Reproduce the section of the listing that begins at the line containing "The next time" and finishes at the line containing "1980s, including (15)". Include both end lines and nothing beyond them.

Entries provided —
+++
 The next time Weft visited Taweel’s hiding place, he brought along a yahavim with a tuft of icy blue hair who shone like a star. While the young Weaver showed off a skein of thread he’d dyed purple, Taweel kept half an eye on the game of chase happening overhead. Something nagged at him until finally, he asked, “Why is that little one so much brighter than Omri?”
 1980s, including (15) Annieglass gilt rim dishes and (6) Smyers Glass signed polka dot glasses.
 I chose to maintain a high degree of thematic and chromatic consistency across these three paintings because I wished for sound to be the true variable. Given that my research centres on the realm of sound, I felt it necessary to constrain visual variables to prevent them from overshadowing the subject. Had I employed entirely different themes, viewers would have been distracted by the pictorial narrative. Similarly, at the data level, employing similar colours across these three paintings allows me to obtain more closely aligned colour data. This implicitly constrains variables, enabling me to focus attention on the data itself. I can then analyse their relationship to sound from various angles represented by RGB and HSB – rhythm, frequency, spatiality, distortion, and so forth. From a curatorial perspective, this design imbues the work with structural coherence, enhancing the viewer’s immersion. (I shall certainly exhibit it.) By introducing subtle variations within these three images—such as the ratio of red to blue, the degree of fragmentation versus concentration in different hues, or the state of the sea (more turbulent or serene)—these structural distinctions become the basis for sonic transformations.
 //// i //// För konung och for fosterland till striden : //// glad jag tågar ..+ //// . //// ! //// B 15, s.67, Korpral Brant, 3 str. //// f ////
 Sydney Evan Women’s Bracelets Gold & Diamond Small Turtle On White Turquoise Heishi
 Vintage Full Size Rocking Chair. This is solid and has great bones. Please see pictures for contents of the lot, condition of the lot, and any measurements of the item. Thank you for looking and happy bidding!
+++
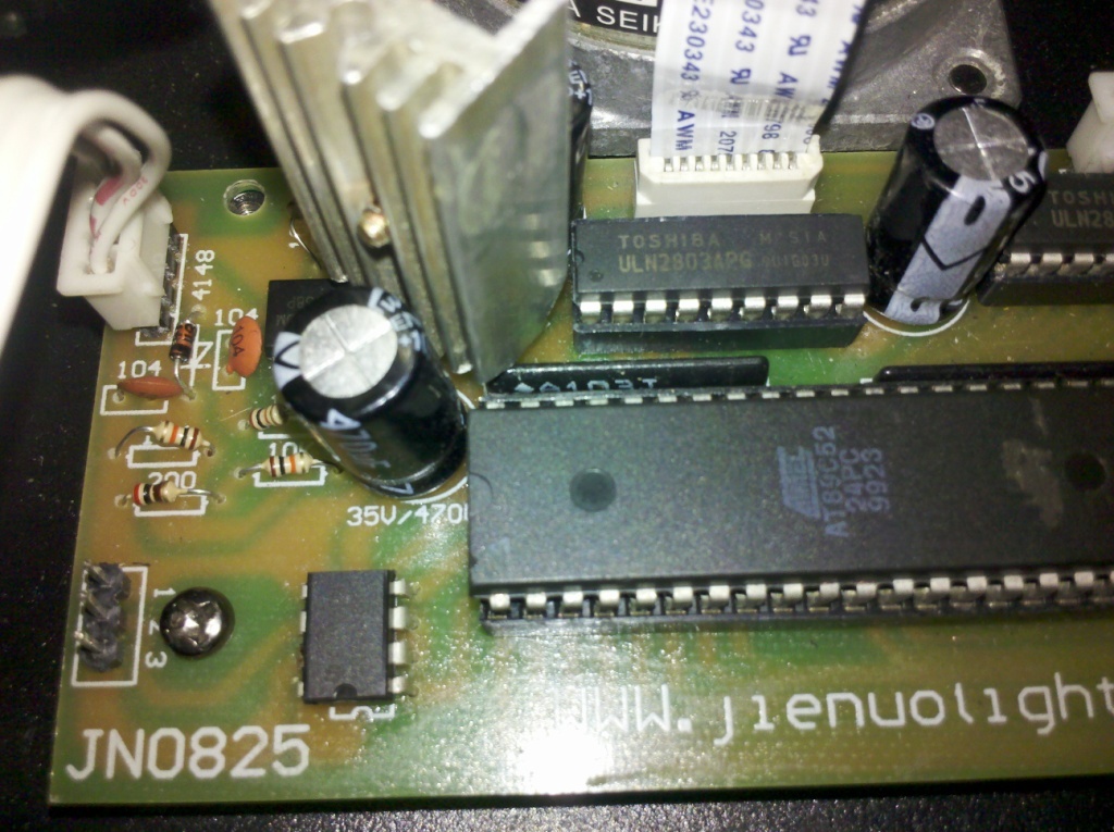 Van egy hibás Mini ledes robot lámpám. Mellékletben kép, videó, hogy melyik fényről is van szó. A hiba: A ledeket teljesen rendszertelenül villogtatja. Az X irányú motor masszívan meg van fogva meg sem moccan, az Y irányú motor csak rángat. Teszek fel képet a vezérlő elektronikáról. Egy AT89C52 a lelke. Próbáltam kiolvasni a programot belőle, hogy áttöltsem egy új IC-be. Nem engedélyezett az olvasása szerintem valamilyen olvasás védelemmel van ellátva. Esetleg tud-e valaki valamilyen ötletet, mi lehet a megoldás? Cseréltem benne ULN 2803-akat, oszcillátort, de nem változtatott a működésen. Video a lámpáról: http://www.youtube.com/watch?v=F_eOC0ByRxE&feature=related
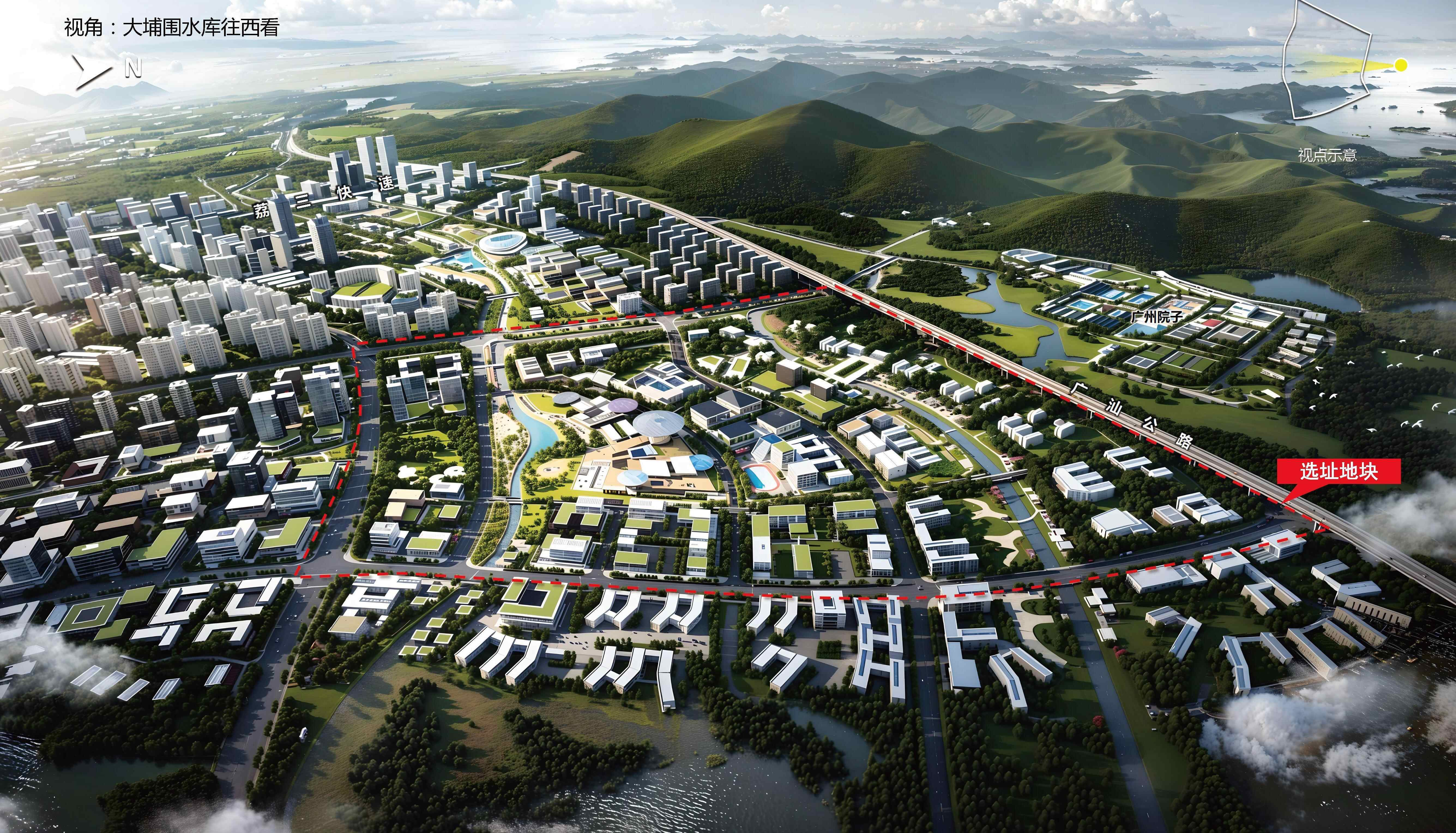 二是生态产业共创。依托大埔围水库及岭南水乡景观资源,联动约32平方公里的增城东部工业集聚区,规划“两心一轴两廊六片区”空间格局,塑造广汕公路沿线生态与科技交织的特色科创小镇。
+++
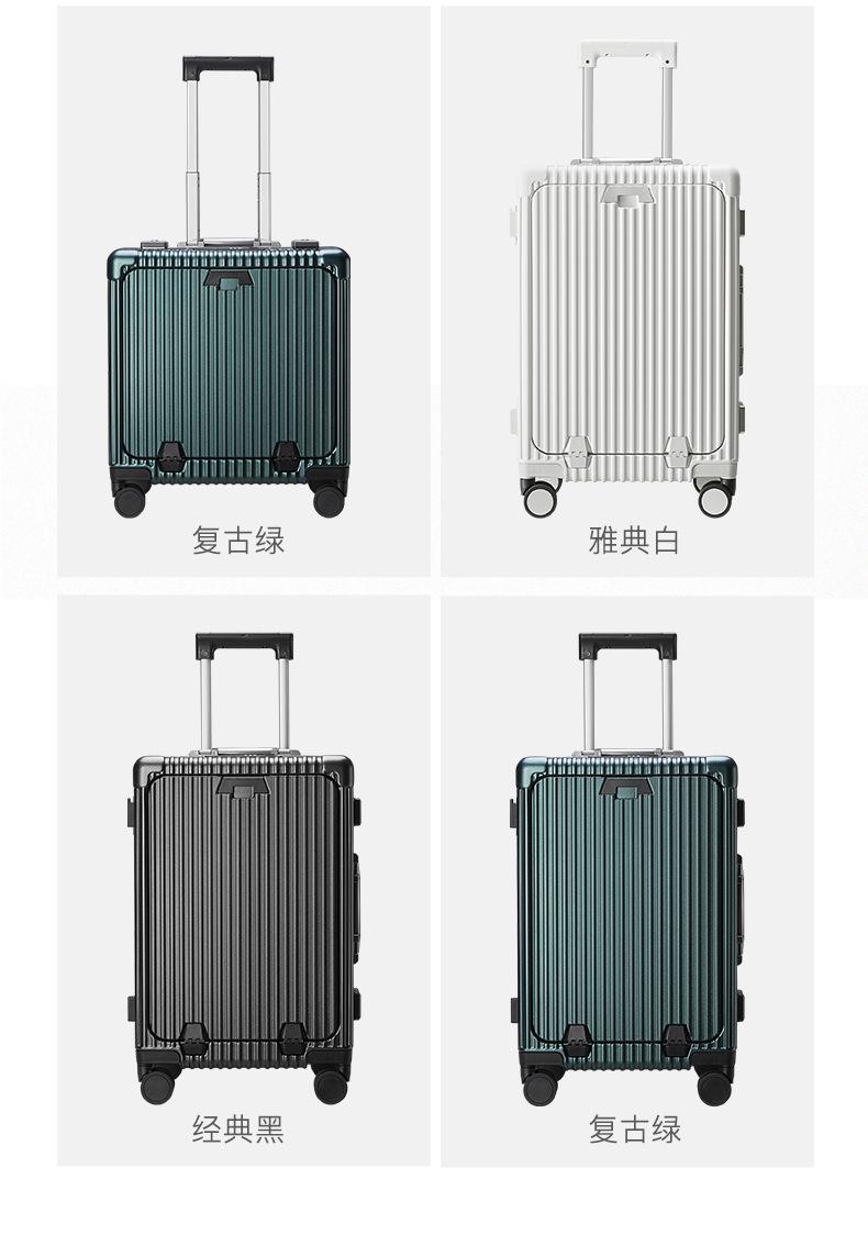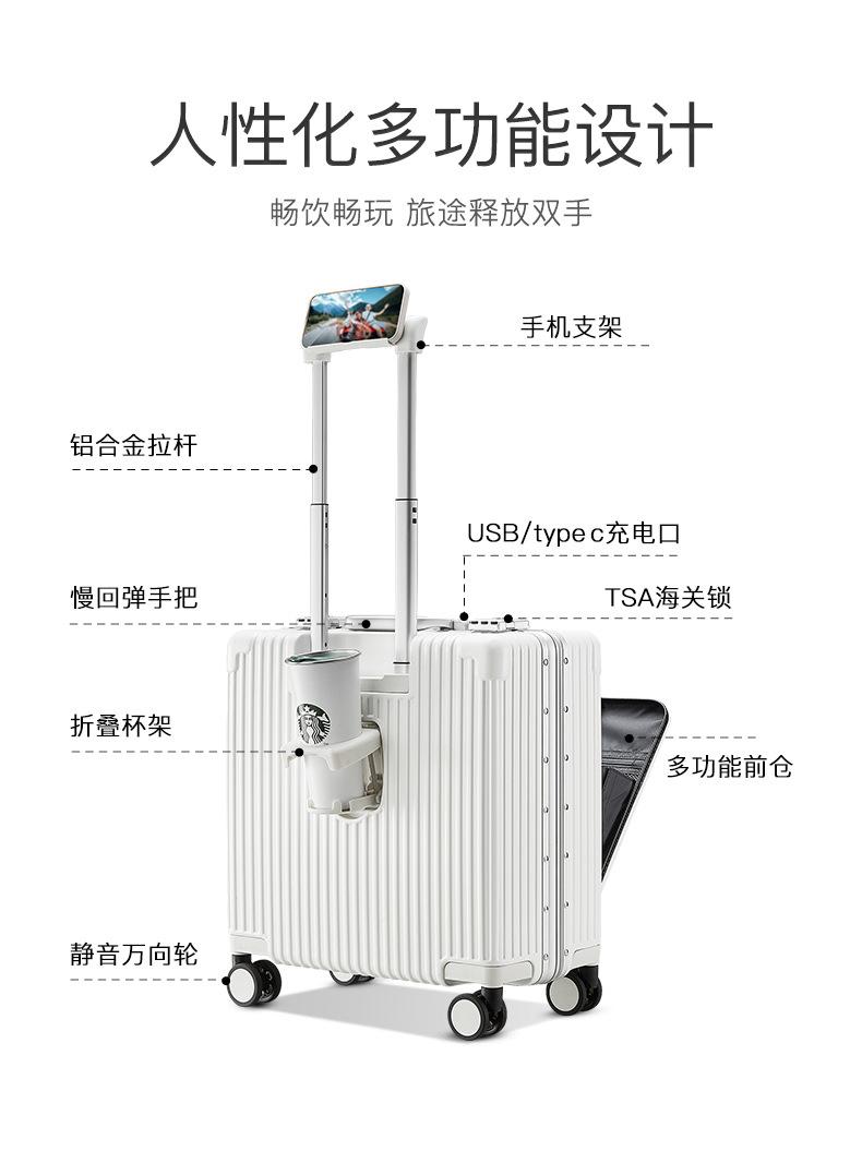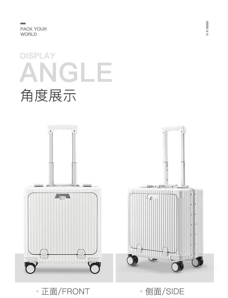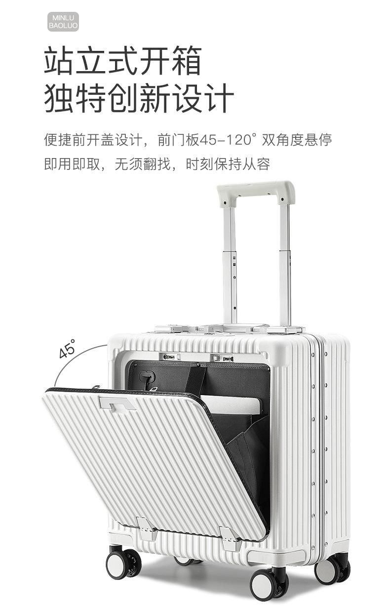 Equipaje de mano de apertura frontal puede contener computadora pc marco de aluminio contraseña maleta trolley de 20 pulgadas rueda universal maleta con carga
+++
Expected output —
 The next time Weft visited Taweel’s hiding place, he brought along a yahavim with a tuft of icy blue hair who shone like a star. While the young Weaver showed off a skein of thread he’d dyed purple, Taweel kept half an eye on the game of chase happening overhead. Something nagged at him until finally, he asked, “Why is that little one so much brighter than Omri?”
 1980s, including (15) Annieglass gilt rim dishes and (6) Smyers Glass signed polka dot glasses.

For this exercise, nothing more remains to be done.